To identify factors associated with treatment delays in pediatric patients with convulsive refractory status epilepticus (rSE).
This prospective, observational study was performed from June 2011 to March 2017 on pediatric patients (1 month to 21 years of age) with rSE. We evaluated potential factors associated with increased treatment delays in a Cox proportional hazards model.
We studied 219 patients (53% males) with a median (25th-75th percentiles [p-p]) age of 3.9 (1.2-9.5) years in whom rSE started out of hospital (141 [64.4%]) or in hospital (78 [35.6%]). The median (p-p) time from seizure onset to treatment was 16 (5-45) minutes to first benzodiazepine (BZD), 63 (33-146) minutes to first non-BZD antiepileptic drug (AED), and 170 (107-539) minutes to first continuous infusion. Factors associated with more delays to administration of the first BZD were intermittent rSE (hazard ratio [HR] 1.54, 95% confidence interval [CI] 1.14-2.09; = 0.0467) and out-of-hospital rSE onset (HR 1.5, 95% CI 1.11-2.04; = 0.0467). Factors associated with more delays to administration of the first non-BZD AED were intermittent rSE (HR 1.78, 95% CI 1.32-2.4; = 0.001) and out-of-hospital rSE onset (HR 2.25, 95% CI 1.67-3.02; < 0.0001). None of the studied factors were associated with a delayed administration of continuous infusion.

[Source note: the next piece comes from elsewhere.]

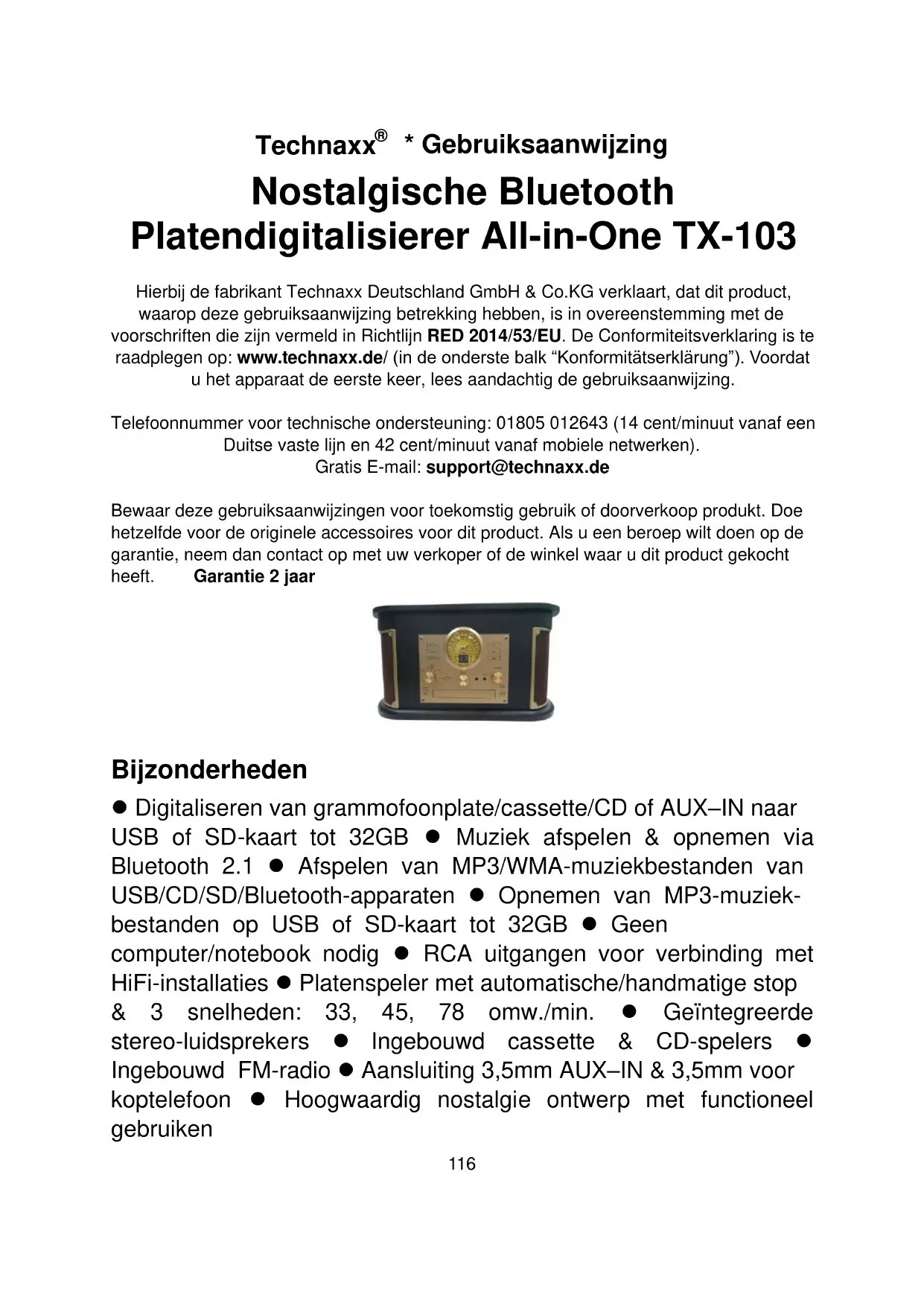 TX103 - Platenspeler TECHNAXX - Gratis gebruiksaanwijzing en handleiding
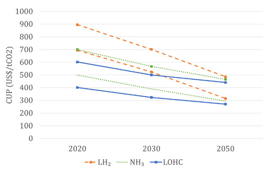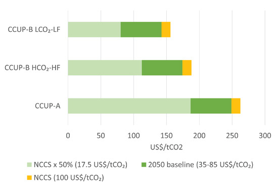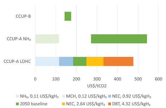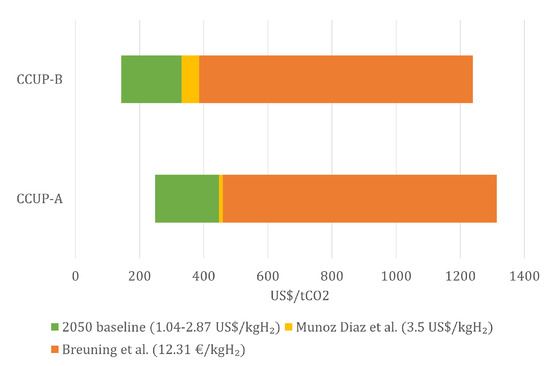 CCUP for both production scenarios under varying hydrogen production costs [49,50].

Intermittent rSE and out-of-hospital rSE onset are independently associated with longer delays to administration of the first BZD and the first non-BZD AED in pediatric rSE. These factors identify potential targets for intervention to reduce time to treatment.
确定与儿童惊厥性难治性癫痫持续状态(rSE)患者治疗延迟相关的因素。
本前瞻性观察性研究于 2011 年 6 月至 2017 年 3 月期间对儿童(1 个月至 21 岁)rSE 患者进行。我们在 Cox 比例风险模型中评估了与治疗延迟增加相关的潜在因素。
我们研究了 219 名患者(53%为男性),中位(25 至 75 百分位数 [p-p])年龄为 3.9(1.2-9.5)岁,其中 rSE 起始于院外(141 [64.4%])或院内(78 [35.6%])。从发作到治疗开始的中位(p-p)时间为首次苯二氮䓬(BZD)治疗为 16(5-45)分钟,首次非苯二氮䓬类抗癫痫药(AED)治疗为 63(33-146)分钟,首次连续输注治疗为 170(107-539)分钟。与首次 BZD 给药延迟相关的因素包括间歇性 rSE(风险比 [HR] 1.54,95%置信区间 [CI] 1.14-2.09; = 0.0467)和院外 rSE 发作(HR 1.5,95% CI 1.11-2.04; = 0.0467)。与首次非苯二氮䓬类 AED 给药延迟相关的因素包括间歇性 rSE(HR 1.78,95% CI 1.32-2.4; = 0.001)和院外 rSE 发作(HR 2.25,95% CI 1.67-3.02; < 0.0001)。研究中的任何因素均与连续输注治疗的延迟无关。
间歇性 rSE 和院外 rSE 发作与儿童 rSE 患者首次 BZD 和首次非苯二氮䓬类 AED 治疗的延迟时间延长独立相关。这些因素确定了潜在的干预目标,以减少治疗时间。